▸ **About this task**
In the records that follow, find the line with "Wygrodzenie drogi dla"; from there, retype every line exactly through the line with "Dinozaurii au fost", which also belongs to the answer.

▸ **Records to use**
======

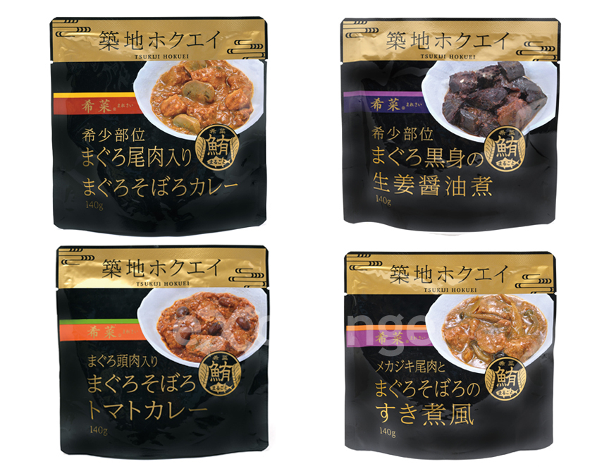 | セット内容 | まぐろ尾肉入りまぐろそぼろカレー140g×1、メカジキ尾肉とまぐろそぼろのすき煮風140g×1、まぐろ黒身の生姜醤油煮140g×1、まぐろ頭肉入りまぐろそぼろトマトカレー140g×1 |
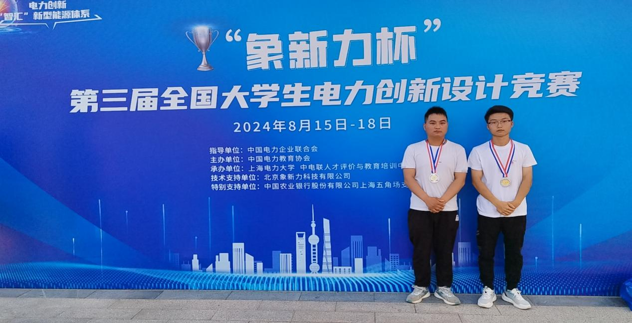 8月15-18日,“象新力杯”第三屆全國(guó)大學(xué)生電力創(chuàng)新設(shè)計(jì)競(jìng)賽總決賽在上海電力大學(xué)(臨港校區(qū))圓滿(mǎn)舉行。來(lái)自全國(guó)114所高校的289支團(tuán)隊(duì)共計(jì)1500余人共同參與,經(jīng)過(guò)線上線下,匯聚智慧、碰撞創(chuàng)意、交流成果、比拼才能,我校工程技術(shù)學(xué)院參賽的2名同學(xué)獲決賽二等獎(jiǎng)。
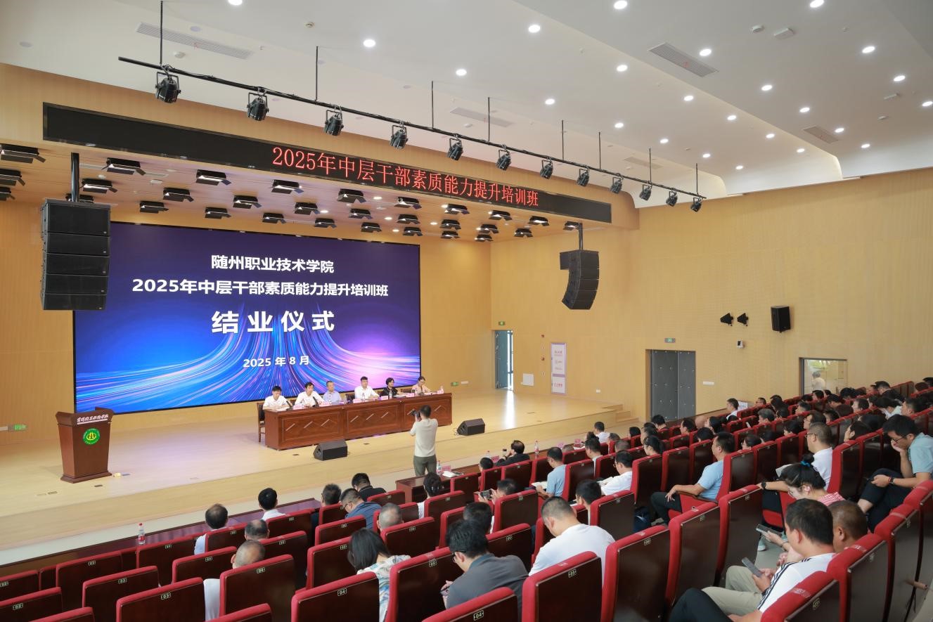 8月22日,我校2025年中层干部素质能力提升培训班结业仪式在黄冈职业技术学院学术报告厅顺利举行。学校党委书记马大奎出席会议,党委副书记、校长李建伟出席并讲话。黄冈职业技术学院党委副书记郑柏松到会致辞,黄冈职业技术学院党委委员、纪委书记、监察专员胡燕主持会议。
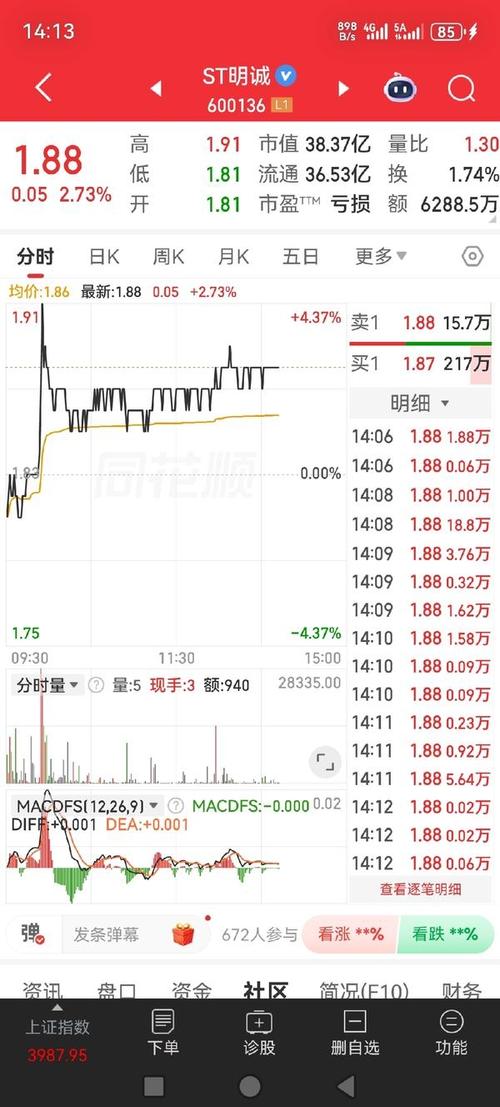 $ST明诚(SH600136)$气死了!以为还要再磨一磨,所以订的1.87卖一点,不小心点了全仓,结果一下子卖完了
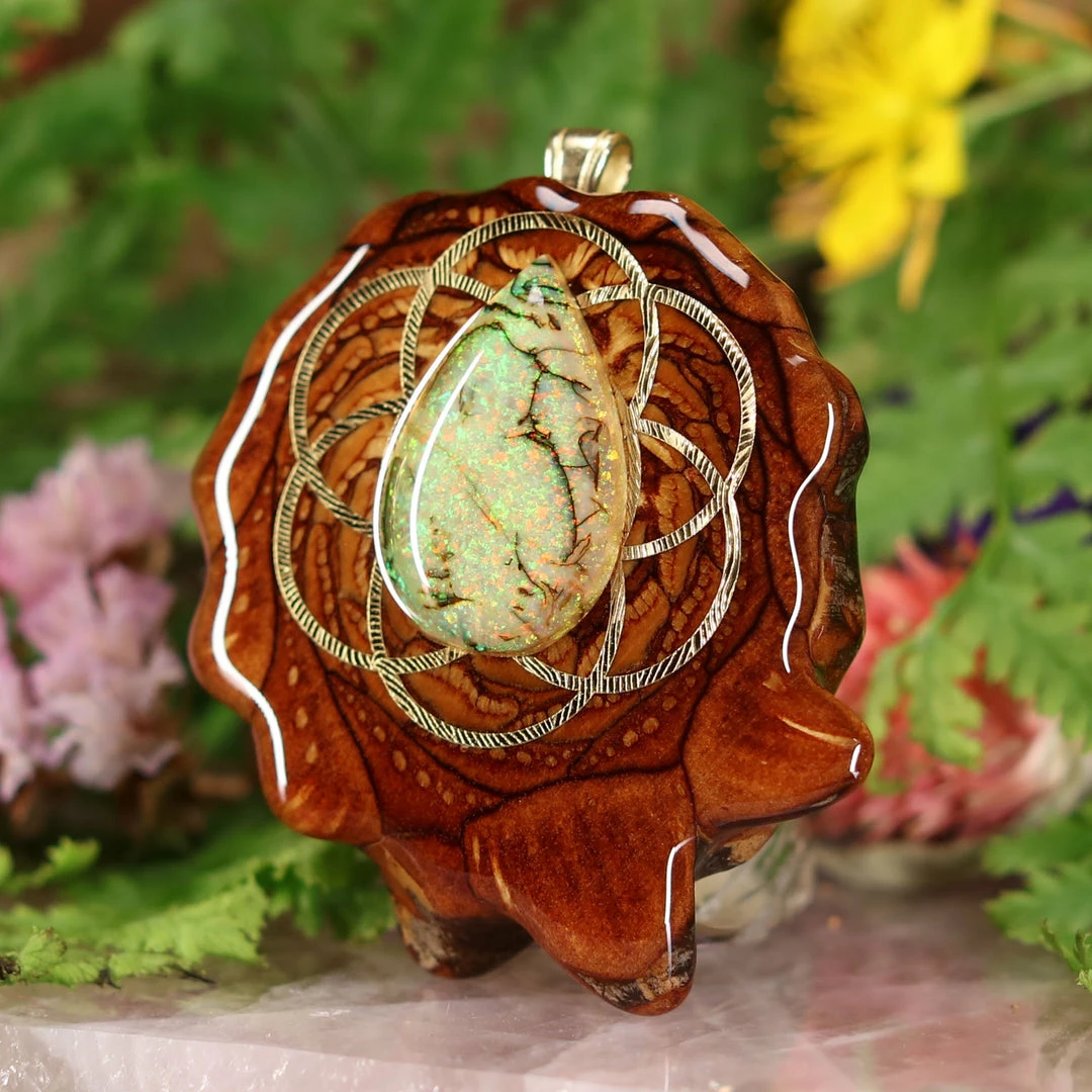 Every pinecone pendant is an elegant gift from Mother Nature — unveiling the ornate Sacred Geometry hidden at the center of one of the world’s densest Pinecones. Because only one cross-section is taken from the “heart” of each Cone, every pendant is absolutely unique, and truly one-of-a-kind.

======

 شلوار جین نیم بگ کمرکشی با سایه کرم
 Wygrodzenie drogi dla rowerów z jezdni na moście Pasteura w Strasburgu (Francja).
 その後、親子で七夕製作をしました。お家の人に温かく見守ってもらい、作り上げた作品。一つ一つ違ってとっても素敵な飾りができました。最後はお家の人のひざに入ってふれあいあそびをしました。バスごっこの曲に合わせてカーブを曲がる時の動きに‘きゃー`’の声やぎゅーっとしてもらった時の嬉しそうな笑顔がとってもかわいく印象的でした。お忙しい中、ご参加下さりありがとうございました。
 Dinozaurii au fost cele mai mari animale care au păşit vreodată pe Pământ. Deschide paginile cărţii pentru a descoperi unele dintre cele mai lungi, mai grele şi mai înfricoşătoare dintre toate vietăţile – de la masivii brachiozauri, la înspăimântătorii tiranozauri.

======

▸ **The completed task**
 Wygrodzenie drogi dla rowerów z jezdni na moście Pasteura w Strasburgu (Francja).
 その後、親子で七夕製作をしました。お家の人に温かく見守ってもらい、作り上げた作品。一つ一つ違ってとっても素敵な飾りができました。最後はお家の人のひざに入ってふれあいあそびをしました。バスごっこの曲に合わせてカーブを曲がる時の動きに‘きゃー`’の声やぎゅーっとしてもらった時の嬉しそうな笑顔がとってもかわいく印象的でした。お忙しい中、ご参加下さりありがとうございました。
 Dinozaurii au fost cele mai mari animale care au păşit vreodată pe Pământ. Deschide paginile cărţii pentru a descoperi unele dintre cele mai lungi, mai grele şi mai înfricoşătoare dintre toate vietăţile – de la masivii brachiozauri, la înspăimântătorii tiranozauri.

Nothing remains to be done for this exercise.